Scientific classification
- Domain: Eukaryota
- Clade: Pancryptista
- Phylum: Cryptista
- Superclass: Cryptomonada
- Class: Cryptophyceae
- Order: Pyrenomonadales
- Family: Pyrenomonadaceae Novarino & Lucas 1993
- Type genus: "Pyrenomonas" (nomen nudum) Santore, 1984
- Genera: "Pyrenomonas" (nomen nudum); Rhinomonas; Rhodomonas; Storeatula;

= Pyrenomonadaceae =

Family of cryptomonads

Pyrenomonadaceae is a family of cryptomonads which includes three or four known genera. They are distinguished from other cryptomonads by their nucleomorphs being imbedded into the pyrenoid, and the presence of distinctive pigment phycoerythrin 545.

== Taxonomy ==

Rhodomonas was the first genus within today's Pyrenomonadaceae identified, being described in 1898. For most of the 20th century, all other genera now recognized as Pyrenomonadaceae were placed into various other taxa (ex. Rhinomonas fulva as Cryptochrysis fulva) Adolf Pascher placed Rhodomonas within his subfamily Cryptochrysideae in 1913. Butcher's highly influential 1967 phylogeny of all then-known Cryptophytes did not recognize Rhodomonas, reclassifying all previously described Rhodomonas species as Chroomonas.

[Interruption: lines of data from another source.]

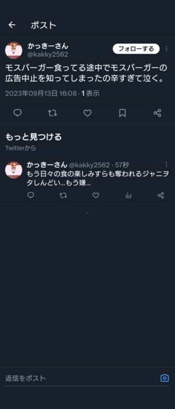 モスバーガーはSnow Manのオタクから金だけ引き出して撤退かよ
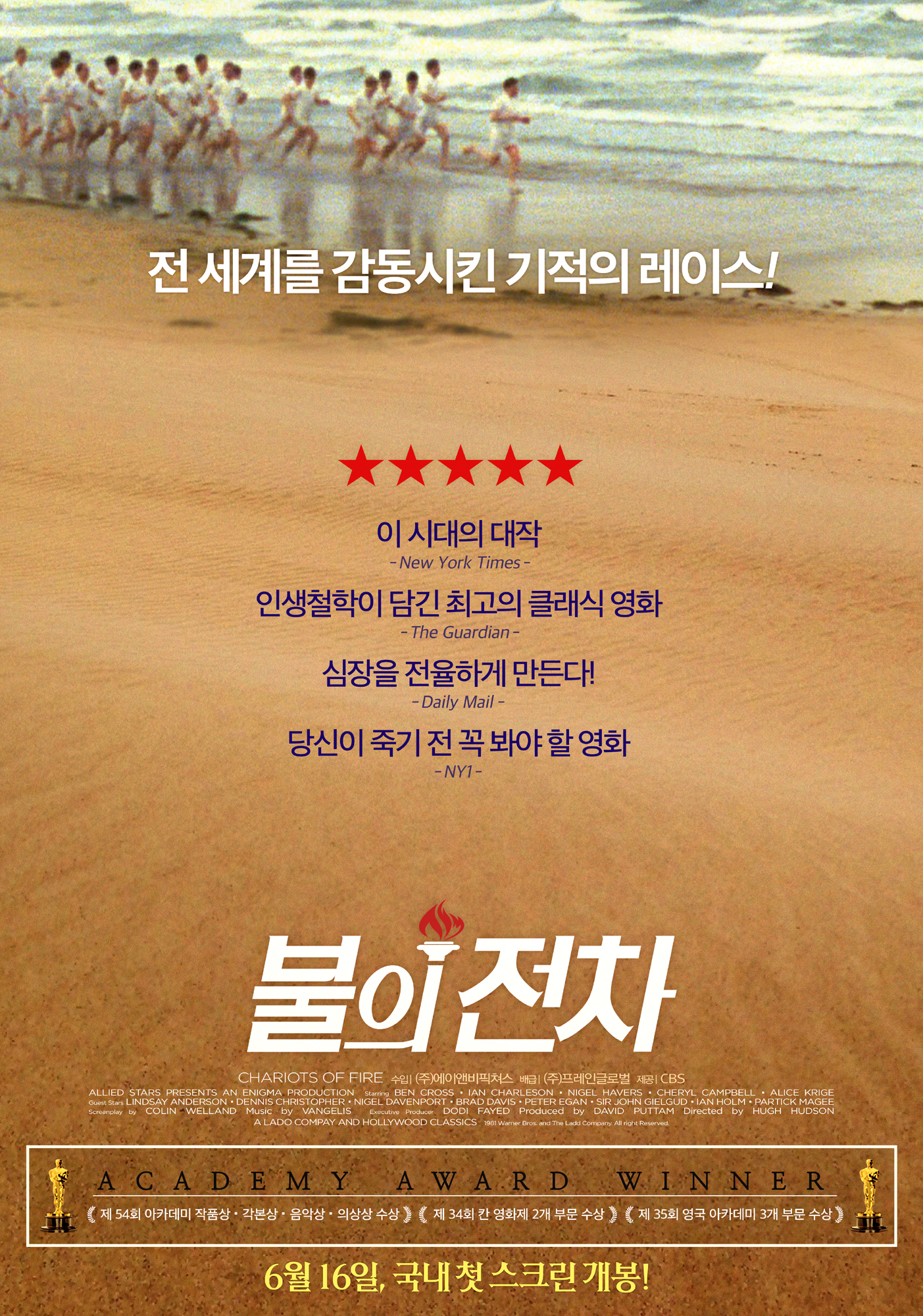 관람포인트 : 1924년 파리올림픽을 배경으로 한 영국 육상 금메달리스트인 에릭 리델과 해럴드 에이브러험의 실화를 바탕으로 한 작품. 신시사이저의 테마 음악이 유명하다. 1981년 제54회 아카데미시상식에서 작품, 각본, 음악, 의상의 4개 부문에서 오스카를 수상한 작품으로 명작 중의 명작으로 손꼽힌다. 다큐멘터리영화 감독으로 유명한 감독인 휴 허드슨이 무명 배우를 캐스팅하여 사실적이고 감동적으로 그려진 작품이다.
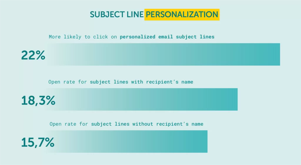 Personalized subject lines get 22% more clicks, and open rates rise from 15.7% to 18.3% by simply adding a customer’s name.
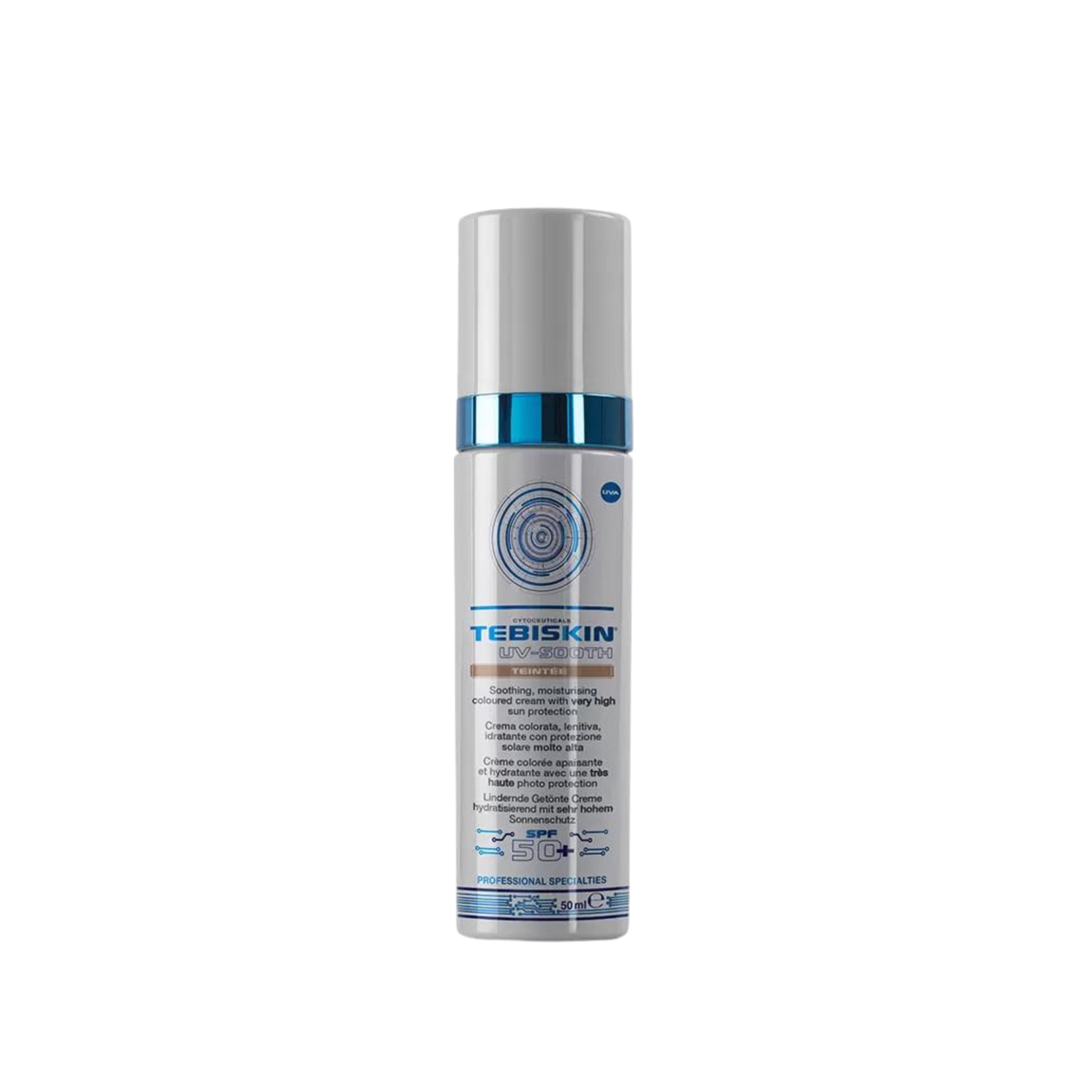 TEBISKIN UV-SOOTH TEINTEE SPF50+ Tonuojantis kremas SPF 50 +, kuris pasižymi maskuojančiu poveikiu ir aukšta apsauga nuo saulės spindulių.
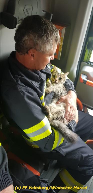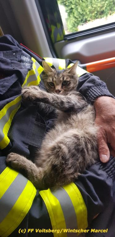 VOITSBERG, am 18.09.2019 Katze in gekipptem Fenster im ersten Stock eingeklemmt - Aufstieg zur Katze mittels Schiebeleiter und Rettung - Weitertransport des geschwächten Tieres zu einem Tierarzt
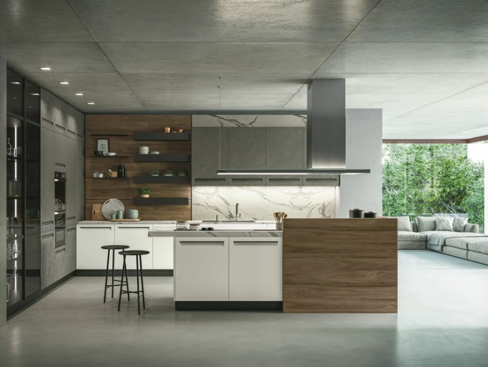 La cucina Luna ha ante in laccato lino e noce canaletto come il piano snack avvolgente, top in laminato marmo nuvolato e libreria in melamminico opaco lavagna [Lube].

Between 1982 and 1986, a series of ultrastructure studies by Uwe J. Santore found considerable morphological inconsistencies within Butcher's Chroomonas, leading him to identify the new genus Pyrenomonas in 1984. Two years later, he revived genus Rhodomonas and proposed the existence of a clade largely consisting of "reddish-brown cryptomonads". Expanding upon Santore's research, in 1988 D.R.A. Hill and R. Wetherbee analyzed various cryptomonads that had been treated as Cryptochrysis by early 20th century researchers. From this they identified several new species of Rhodomonas, and introduced the new genus Rhinomonas. Hill would identify another "reddish-brown cryptomonad" genus in 1991, Storeatula. In 1989, Hill and Wetherbee argued that Rhodomonas was synonymous with Pyrenomonas, triggering an academic debate regarding whether or not each genus should be treated separately. This debate remains unresolved as of 2019.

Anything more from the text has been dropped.